The court correctly determined that an overriding interest warranted a closure of the courtroom during the testimony of two undercover officers (see Waller v Georgia, 467 US 39 [1984]; People v Ramos, 90 NY2d 490, 497 [1997], cert denied 522 US 1002 [1997]). The People made a sufficiently particularized *850showing that the officers had an ongoing connection with narcotics operations in the vicinity of the courthouse, which was also the location of defendant’s arrest. Both officers testified that they had active narcotics investigations and cases involving lost subjects in the area around the courthouse, and that they had been threatened in the past as a result of performing undercover operations. Accordingly, the court properly found that the officers’ safety and effectiveness would be jeopardized by testifying in an open courtroom.

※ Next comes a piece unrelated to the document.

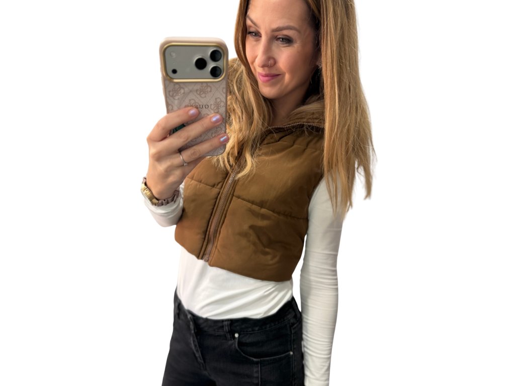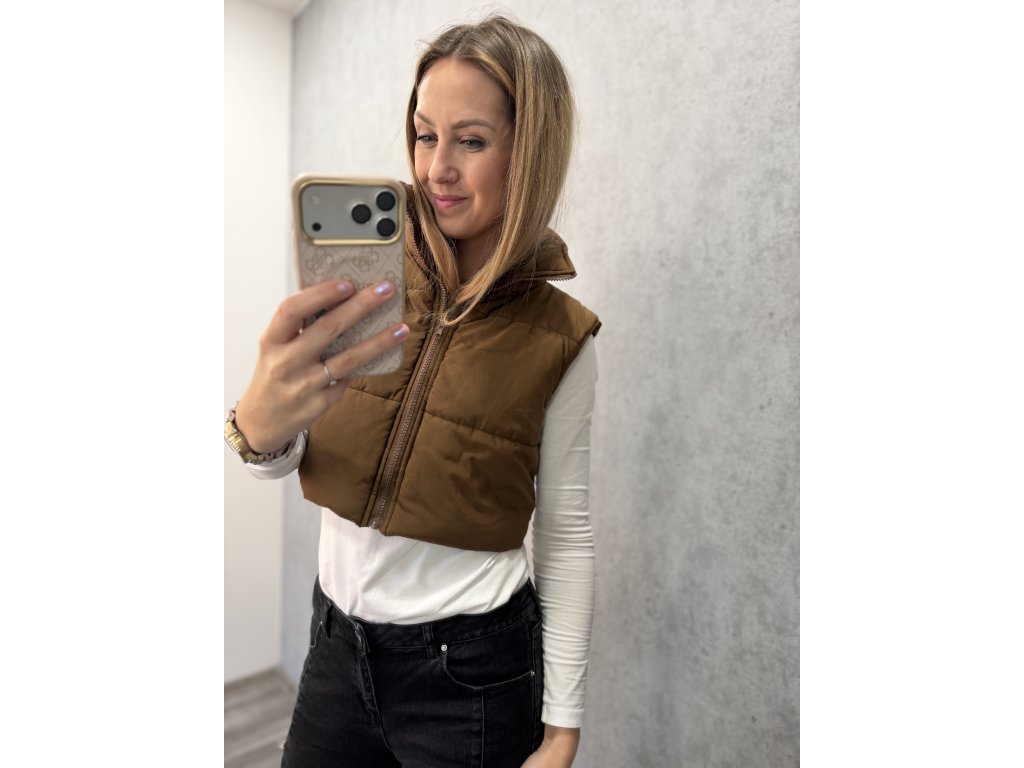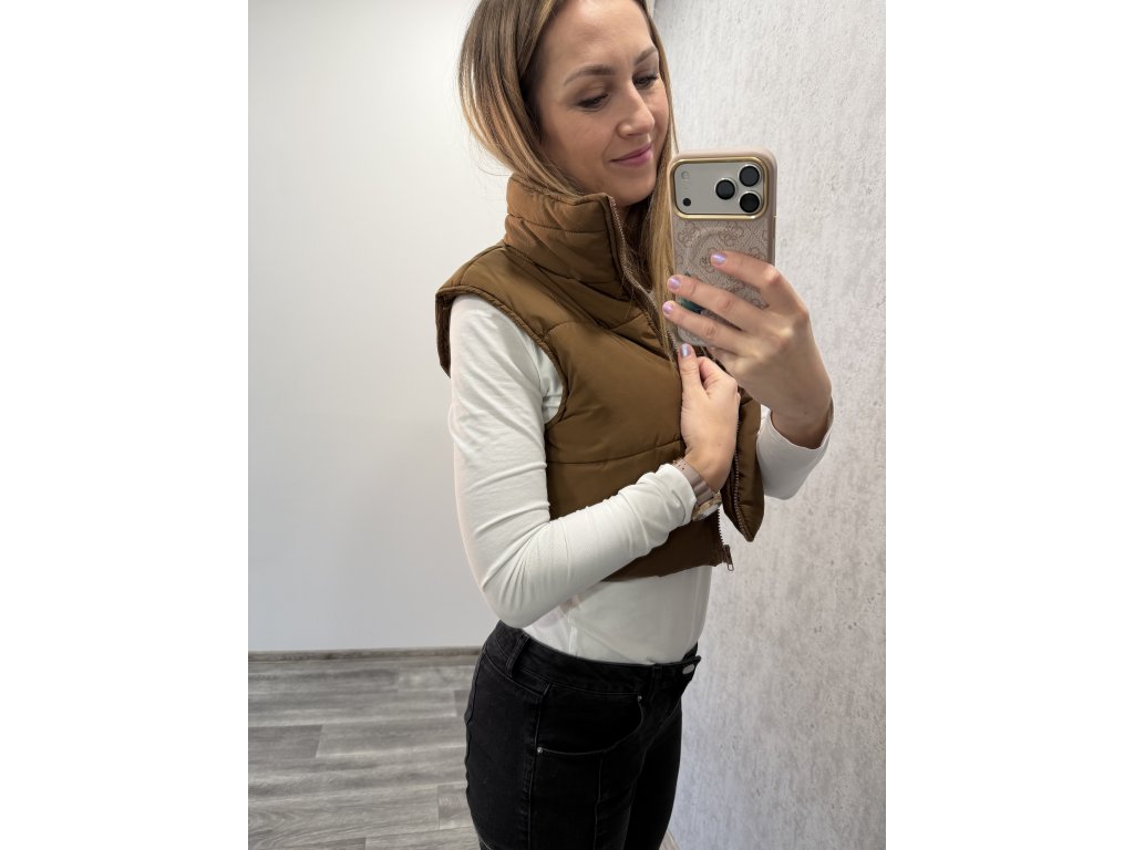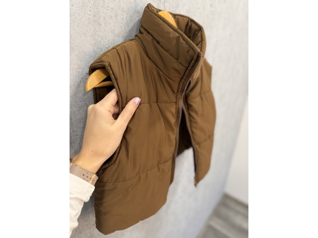 Čokoládová hnědá vesta, sedne nejlépe Mku. V krásném stavu jako nová. Materiál: 100% polyester.

The court permitted several of defendant’s relatives to be present for the undercover officers’ testimony, and properly exercised its discretion in excluding three other relatives, all of whom both resided a few blocks from the courthouse and had drug-related arrests. Given the officers’ ongoing connection to the courthouse area, the excluded family members could have compromised the officers’ safety and effectiveness (see People v Campbell, 16 NY3d 756 [2011]).

The court properly exercised its discretion in denying defendant’s mistrial motion made after a police witness briefly referred to an uncharged crime. The offending testimony caused little or no prejudice in the context of the case, and the court took prompt curative action by immediately striking the testimony (see People v Santiago, 52 NY2d 865, 866 [1981]). Concur— Saxe, J.E, Friedman, Freedman and Richter, JJ.